But that left out some cost like Shared network folders that our users use, so
we would have needed to get some kind of replacement for our netapp(a form as
NAS).

------
guiambros
I respect Brad and usually enjoy his posts, but this one is full of s...

He doesn't give a single example of why " _AWS is not the best product at
anything_ ". This is obviously true, but the same could be said about Google,
Microsoft, or Rackspace. So what's the point? Who has a better offering?

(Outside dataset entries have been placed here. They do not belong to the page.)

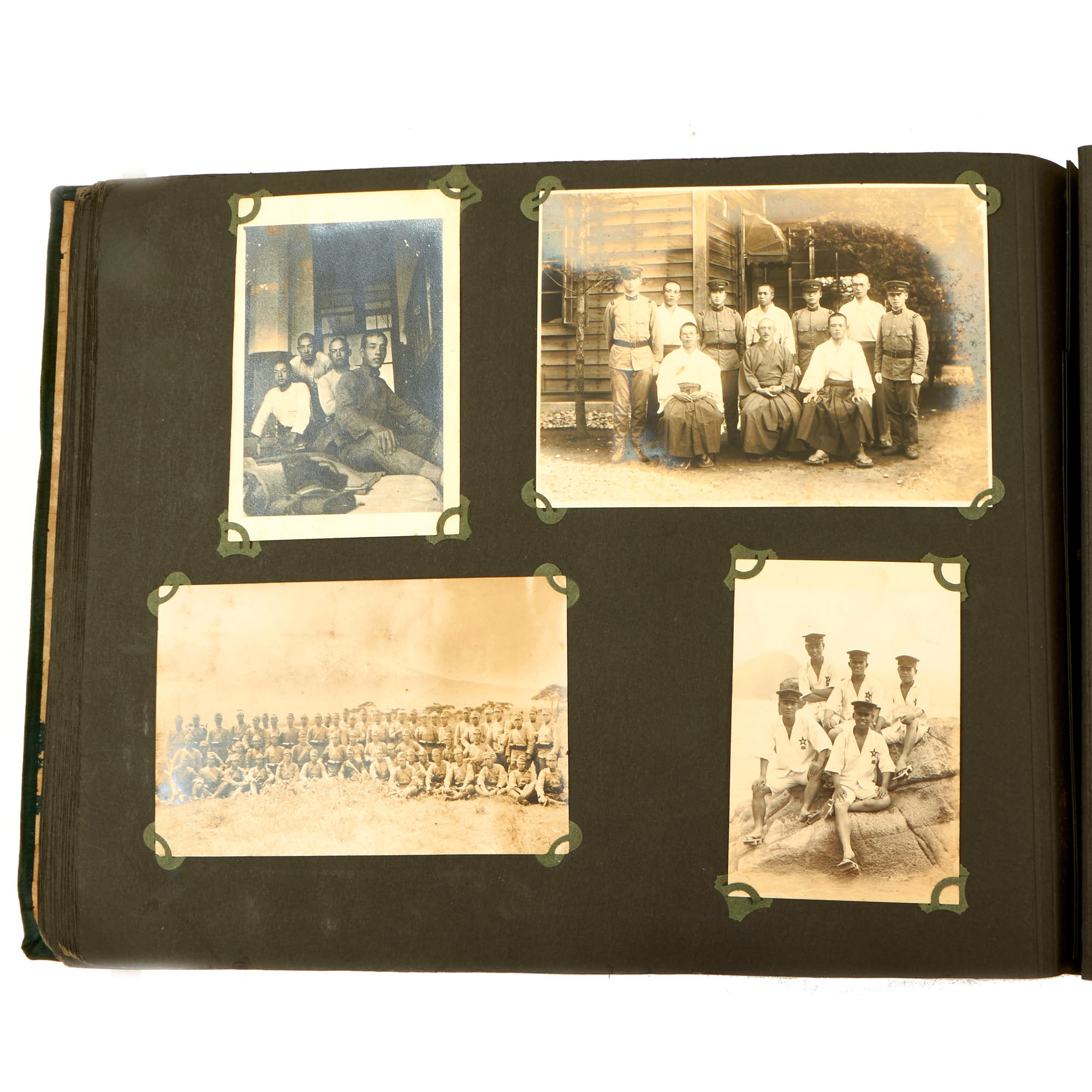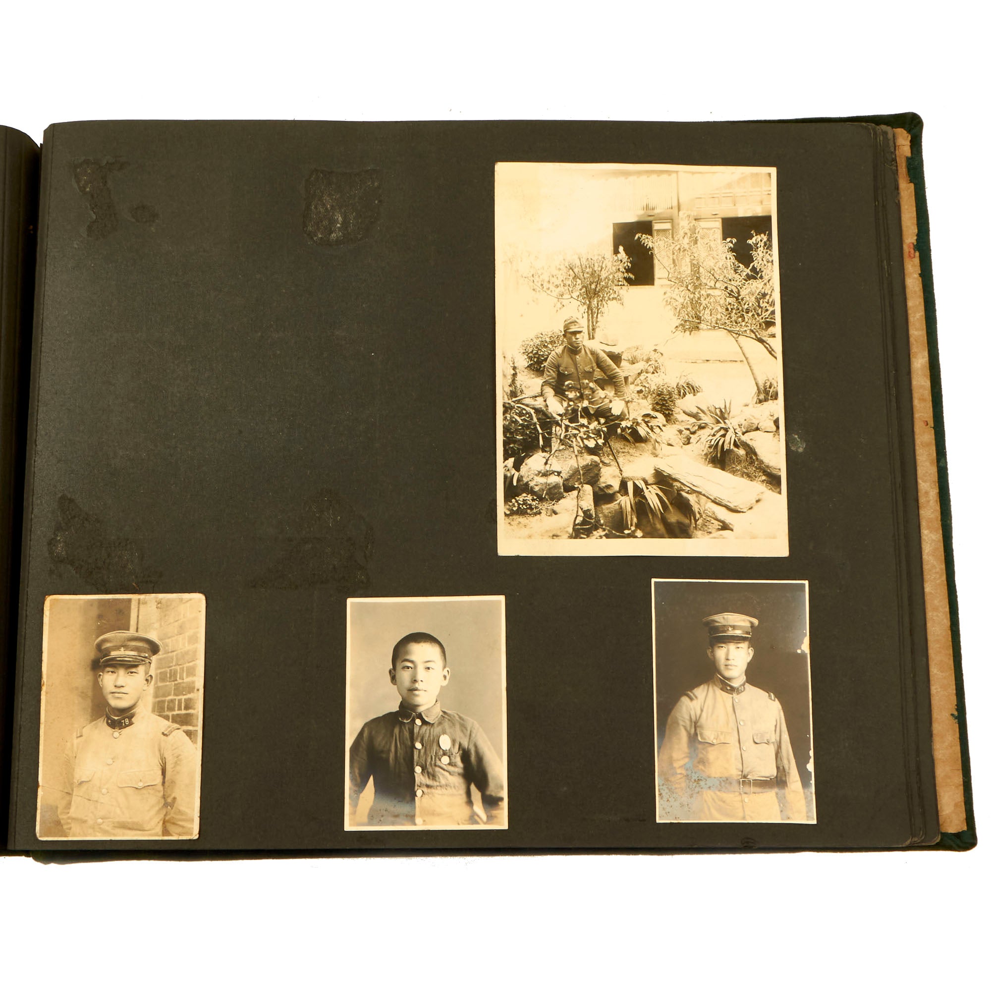 The 78th Infantry Regiment was an infantry regiment in the Imperial Japanese Army. The regiment was attached to the 39th Infantry Brigade of the 20th Division. The regiment participated during the Second Sino-Japanese War and during the later stages of World War II, the regiment was in New Guinea, as part of the Japanese Eighteenth Army. The album consists mainly of individual portraits of Japanese soldiers wearing the “Showa Type 5” uniforms, also called the M90 or 1930 uniform all with the same regiment collar tabs. All photos are in wonderful condition and still very clear. They mainly consist of portraits but there are various group pictures, training photos and troop movement photos.
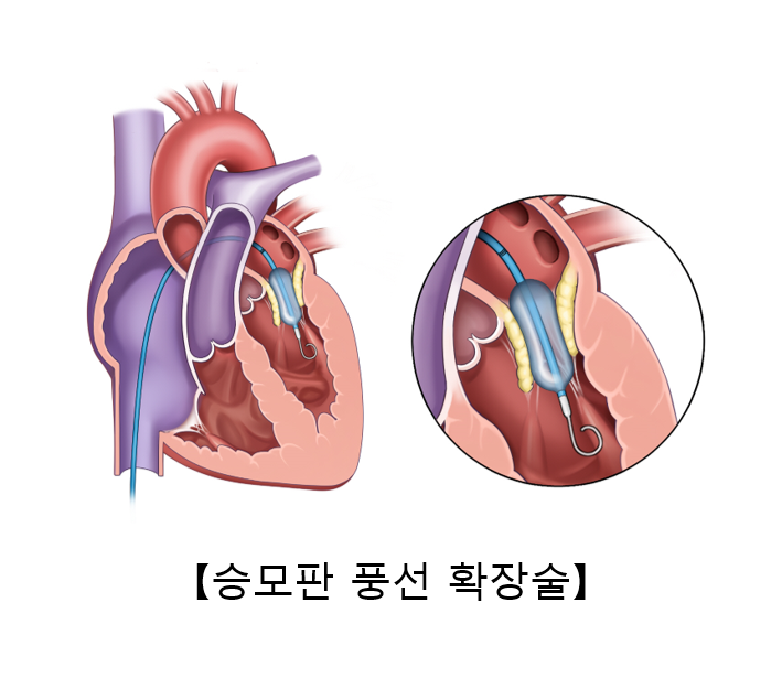 심장판막 중 승모판에 류마티스성 협착이 있는 경우에, 대퇴 혈관을 통해 카테터를 삽입한 후 풍선을 이용하여 승모판의 협착을 치료하는 방법입니다. 대퇴정맥을 통해 도관을 우심방까지 진입시키고, 심방 사이의 심방 중격에 작은 구멍을 뚫어 좌심방으로 진입시킨 후 좁아진 판막에 풍선을 정확히 위치시켜 충분히 넓어질 때까지 부풀려서 치료합니다. 한 번의 시술로 증상이 확연히 개선되며, 하루가 지나면 일상생활을 영위할 수 있습니다. 시술 이후에 재발할 가능성이 있으므로 정기적으로 심초음파 검사를 시행하여 추적 관찰해야 합니다.
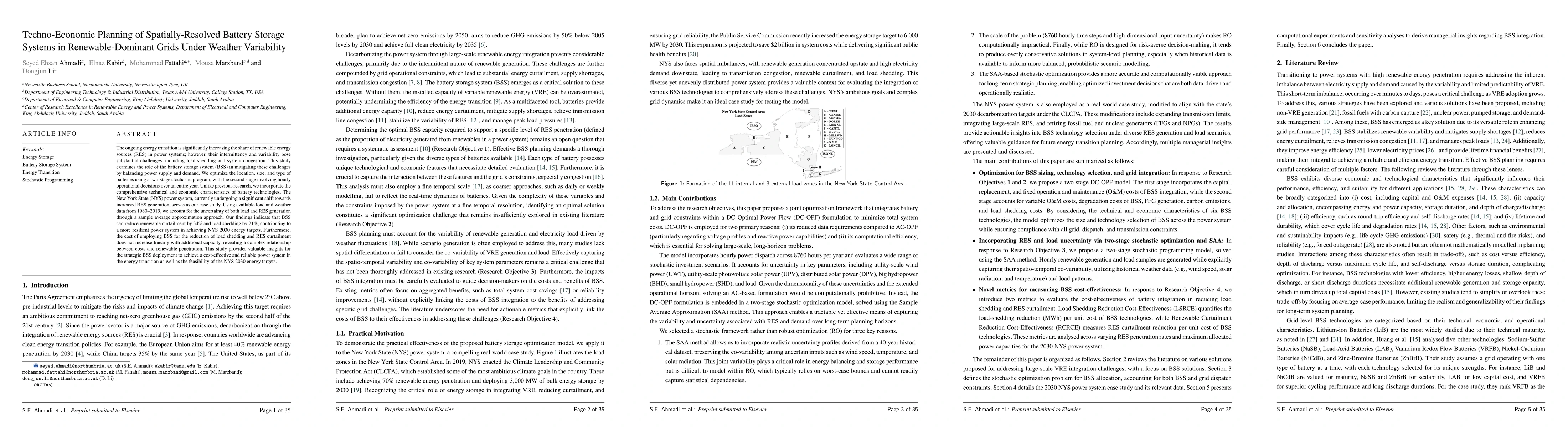 The ongoing energy transition is significantly increasing the share of renewable energy sources (RES) in power systems; however, their intermittency and variability pose substantial challenges, including load shedding and system congestion. This study examines the role of the battery storage system (BSS) in mitigating these challenges by balancing power supply and demand. We optimize the location, size, and type of batteries using a two-stage stochastic program, with the second stage involving hourly operational decisions over an entire year. Unlike previous research, we incorporate the comprehensive technical and economic characteristics of battery technologies. The New York State (NYS) power system, currently undergoing a significant shift towards increased RES generation, serves as our case study. Using available load and weather data from 1980-2019, we account for the uncertainty of both load and RES generation through a sample average approximation approach. Our findings indicate that BSS can reduce renewable curtailment by 34% and load shedding by 21%, contributing to a more resilient power system in achieving NYS 2030 energy targets. Furthermore, the cost of employing BSS for the reduction of load shedding and RES curtailment does not increase linearly with additional capacity, revealing a complex relationship between costs and renewable penetration. This study provides valuable insights for the strategic BSS deployment to achieve a cost-effective and reliable power system in the energy transition as well as the feasibility of the NYS 2030 energy targets.
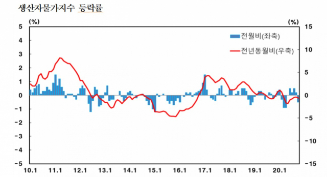 10월 생산자물가지수는 1년 전과 비교하면 0.6% 낮아졌다. 특히 코로나19 사태 여파로 수요가 위축되면서 석탄·석유제품 물가가 30.7%나 떨어졌다. 하지만 농산림수산품의 경우 1년 전보다 12.3% 높은 수준이다.
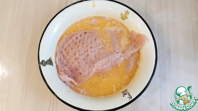 Куриное филе нарезать пластами толщиной 1-1,5 см., отбить с двух сторон. Поместить шницели в подготовленную смесь. Миску со шницелями оставить на 1 час.
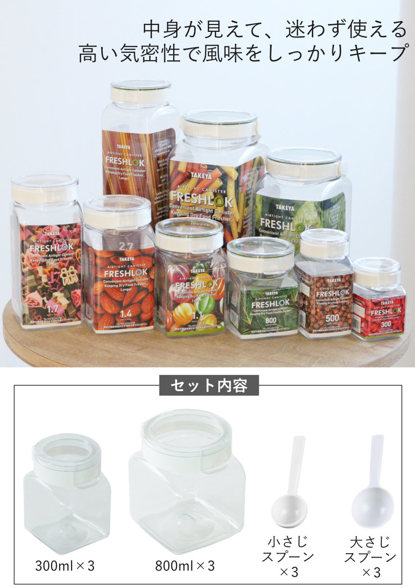 | 内容量 | 【セット内容】 300ml×3個 800ml×3個 小さじスプーン×3個 大さじスプーン×3個 |
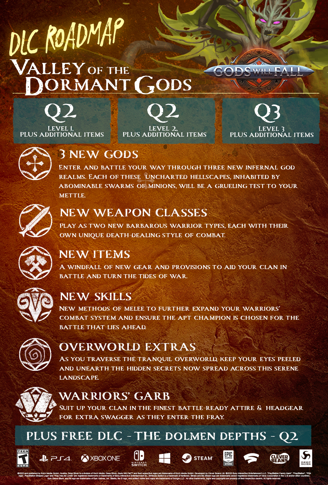 Im zweiten Quartal dürfen sich alle Besitzer des Spiels über ein Geschenk in Form des kostenlosen DLC „Dolmen Depths“ freuen, in dem man eine mysteriöse Unterwelt erforschen und einen seit langer Zeit verschollenen Krieger aus dem Jenseits befreien muss, der sich bei Erfolg der eigenen Truppe anschließt. Dies wird aber kein leichtes Unterfangen, denn in diesem brandneuen, prozedural generierten Dungeon wimmelt es nur so vor grausigen Feinden, die mit aller Macht versuchen, die Toten dort zu behalten, wo sie hingehören

The discussion of AWS being more expensive than bare metal is valid, but
that's an obvious statement. Amazon uses bare metal (albeit at scale), and
adds their application stack + support. You're paying for the convenience of
purchasing all services integrated from a single vendor. If your business is
simple enough and you can just throw hardware and bandwidth to solve your
needs, then bare metal will always be cheaper. But for more complex
environments (e.g., multi-regions, global distribution, auto-scaling), or when
you need to quickly scale up and down (to accomodate surge in demand, for
example) bare metal is not an option.

Net net, this sounded like a rant against Amazon's world domination plans, and
the threat to the very existence of some of the companies on his fund. He said
it best:

 _" We used to think of Amazon as a potential acquirer for these companies, or
at least a powerful strategic partner. Now we know they are just using the
bait of “we want to work more closely with you” as market and product
intelligence."_

If your business model depends on a _strategic_ partnerships with or being
acquired by Amazon, you're doing it wrong.

------
mark_l_watson
That was a strange article.

Isn't it a self obvious truth that AWS is most appropriate when you need lots
of computational resources in bursts?

If you often need many extra servers for a short period of time, then AWS is
really good for that. Another thing that AWS provides is some very handy
infrastructure APIs like S3, DynamoDB, Eleastic Mapreduce, etc.

For flat usage scenarious, then renting beefy VPSs or physical servers is more
cost effective.

------
liveoneggs
where do people get these numbers? You should move to physical hardware well
before $200k/month.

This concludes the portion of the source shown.